Nature Reviews Genetics volume 2pages 353–359 (2001)Cite this article

Key Points

  • DNA-sequence information can, in principle, be retrieved from archaeological and palaeontological remains that are less than 100,000 years old.

  • In most circumstances, only multicopy DNA, such as mitochondrial DNA (mtDNA) and chloroplast DNA, can be retrieved.

  • Extensive control experiments are necessary to ensure that results are not caused by contamination with modern or recent DNA.

  • Human remains are particularly difficult to work with because human DNA is almost ubiquitously present on old specimens and laboratory equipment.

  • Owing to the technical difficulties, not all published results in the field are reliable.

  • Using the techniques for ancient DNA retrieval, zoological and botanical museum collections from the past two centuries are important repositories of molecular genetic information.

  • The biological relationships and history of many Ice Age animals have been clarified using ancient DNA.

  • The mtDNA of Neanderthals has been shown not to be present among contemporary humans.

  • Coprolites represent a source of genetic information about animals and their diet that is often more reliable than bones from the same time period.
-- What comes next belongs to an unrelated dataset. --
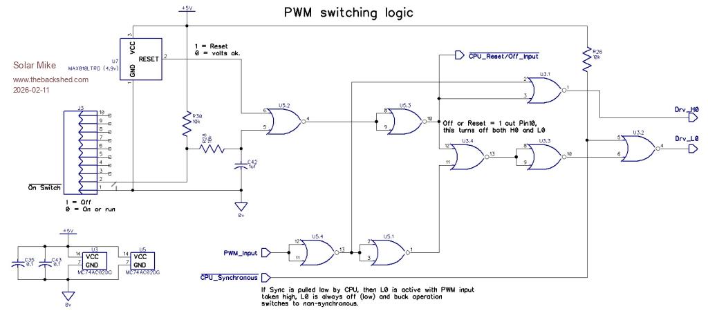 Thought I might have a go at making a MPPT Synchronous PV Charger using "E"-Opto mosfet drivers connected in an inter-lock arrangement. This allows the driver chips be mounted some distance apart and as close to the mosfets as possible. The interlock circuitry also sets the dead time between the H0-L0 devices, along with inputs for disabling the pwm if the cpu voltage rail drops for any reason and falling over to non-synchronous mode with low charge currents at very low duty cycles that would otherwise cause the buck circuit act as a boost driver, which tends to blow thing up. Usually I use dedicated 1/2 Bridge driver chips, these are not always optimal when driving multiple mosfets due to the long trace lengths required, so I thought this circuit would be interesting to play with. I will draw out the schematic, as some of it is a bit complicated, post bits of it here as I do so. The pcb is 204 x 170 mm 1oz copper, all high current areas are masked for tinning, this adds to the copper thickness and allows judicious soldering of extra copper wires to increase the current capacity, not sure what power this board will handle, should be ok at 40 amps, I now have a hand held thermal camera, so will be easy to pick out hot spots. Here is the current layout: Just noticed the bottom layer text is reversed, will fix that, a tick box has unchecked itself. Cheers Mike |

  • Cold environments are particularly conducive to DNA preservation.

  • Population studies of extinct animals, plants and Neanderthals are becoming possible.

Abstract

DNA that has been recovered from archaeological and palaeontological remains makes it possible to go back in time and study the genetic relationships of extinct organisms to their contemporary relatives. This provides a new perspective on the evolution of organisms and DNA sequences. However, the field is fraught with technical pitfalls and needs stringent criteria to ensure the reliability of results, particularly when human remains are studied.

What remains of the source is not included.